Ein Sektor, der die besten Renditen erzielt, diese Renditen aber nach Gewicht auf seine beiden größten Titel konzentriert, verzeichnet keine breite Sektorstärke. Es verzeichnet eine knappe Outperformance auf Token-Ebene, die zufällig als Sektorperformance bezeichnet wird.
Die thematische Logik hinter dem Portfolio ist stimmig: Bittensor für dezentrales KI-Training und Subnetz-Infrastruktur, NEAR für KI-integrierte intelligente Vertragsausführung, Render für verteilte GPU-Berechnung, Filecoin für dezentrale Speicherung, The Graph für Datenindizierung und Story für geistiges Eigentum.

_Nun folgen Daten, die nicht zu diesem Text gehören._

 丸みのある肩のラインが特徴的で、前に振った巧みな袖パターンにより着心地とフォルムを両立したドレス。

Jeder Vermögenswert deckt eine andere Schicht der dezentralen KI-Infrastruktur ab. Die Logik ist fundiert. Die Kapitalgewichtung erzählt jedoch eine selektivere Aussage, als die Sektorbezeichnung vermuten lässt.

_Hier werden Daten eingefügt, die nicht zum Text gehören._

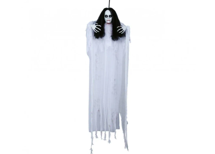 Produkt ubrany w białą szatę, zdobiony czarnymi włosami.

Selektive Pumpe oder echte Sektorrotation
Die Daten von Grayscale werfen eine Frage auf, mit der es sich zu beschäftigen lohnt: Stellte das erste Quartal 2026 die Umwandlung von echtem Geld in KI-Krypto als Kategorie dar, oder trugen zwei oder drei High-Conviction-Token die Schlagzeile, während alles andere in der Branche stillschweigend den breiteren Markt aufspürte?

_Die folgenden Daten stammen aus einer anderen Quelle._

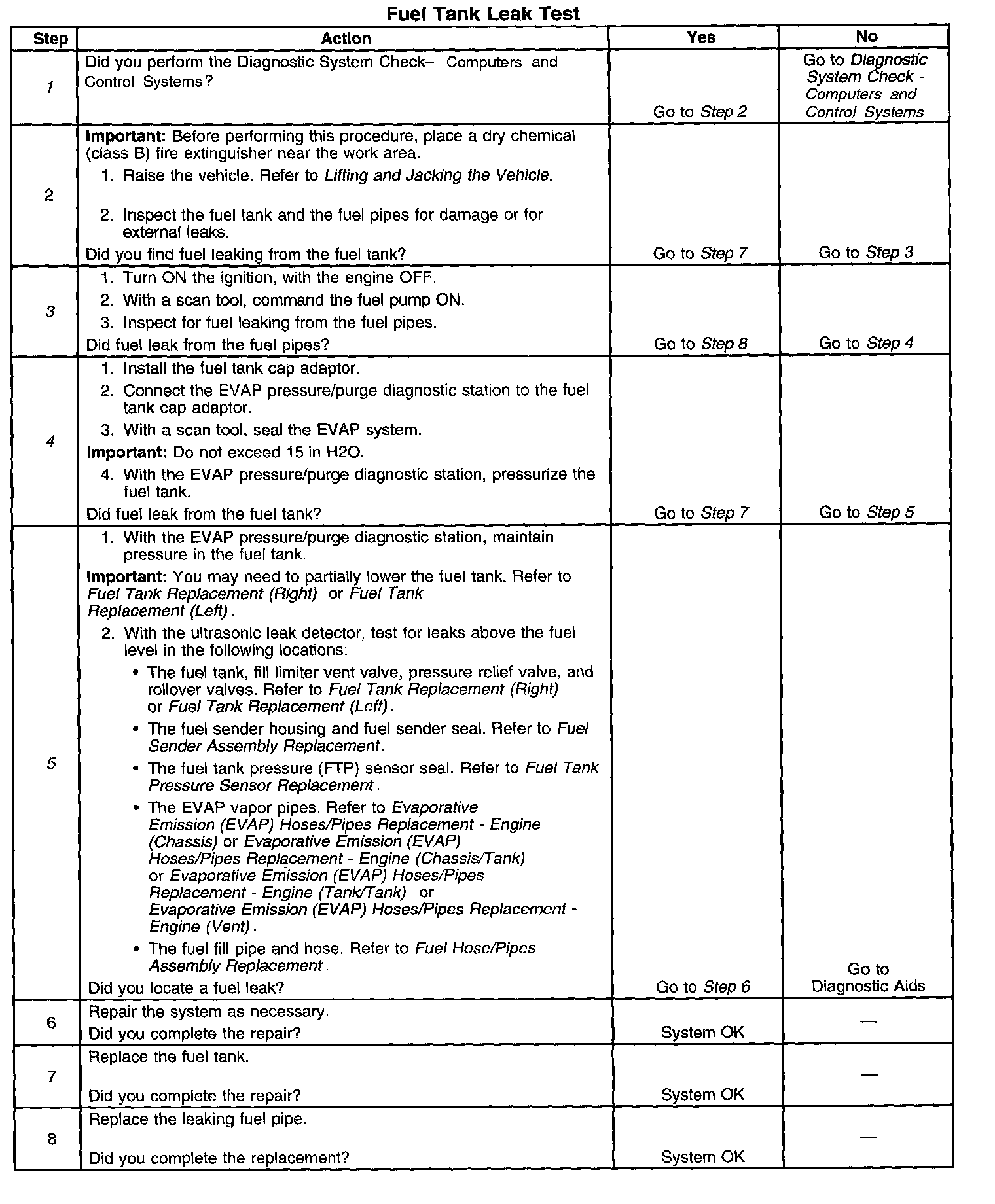 DESCRIPTIONThe fuel tank leak test is used in order to locate any fuel or fuel vapor escaping the fuel tank area. Fuel vapors escaping above the fuel level will be detected when the evaporative emission (EVAP) diagnostics completes one test cycle. The malfunction indicator lamp (MIL) will illuminate after the EVAP diagnostics completes 2 test cycles.

Die ehrliche Antwort aus den Daten ist, dass es eher nach selektiver Stärke als nach breiter Rotation aussieht. Eine vollständige Sektorrotation würde zu einer gleichmäßigeren Verteilung der Outperformance aller KI-Token führen und nicht zu einer starken Konzentration auf die beiden größten Bestände.
Was das erste Quartal 2026 tatsächlich zeigte, ist, dass bestimmte KI-Tokens, insbesondere diejenigen mit den stärksten Narrativen rund um dezentrale Rechen- und KI-Agenten-Infrastruktur, das Interesse der Anleger aufrechterhalten, während alles andere zurückging.
Abschluss
Die Daten von Grayscale für das erste Quartal 2026 bestätigen, dass KI-Krypto der widerstandsfähigste Sektor in einem rückläufigen Quartal ist, aber die Portfoliokonzentration in Bittensor und NEAR erzählt unter der Schlagzeile eine selektivere Geschichte. Der Sektor hielt sich besser als alle anderen, aber der größte Teil dieser relativen Stärke beruhte auf zwei Token und nicht auf der Stärke einer breiten KI-Kategorie.
Ob sich diese Selektivität zu einer echten Sektorrotation ausweitet oder konzentriert bleibt, hängt davon ab KI Erzählungen entwickeln im zweiten Quartal einen echten Nutzen.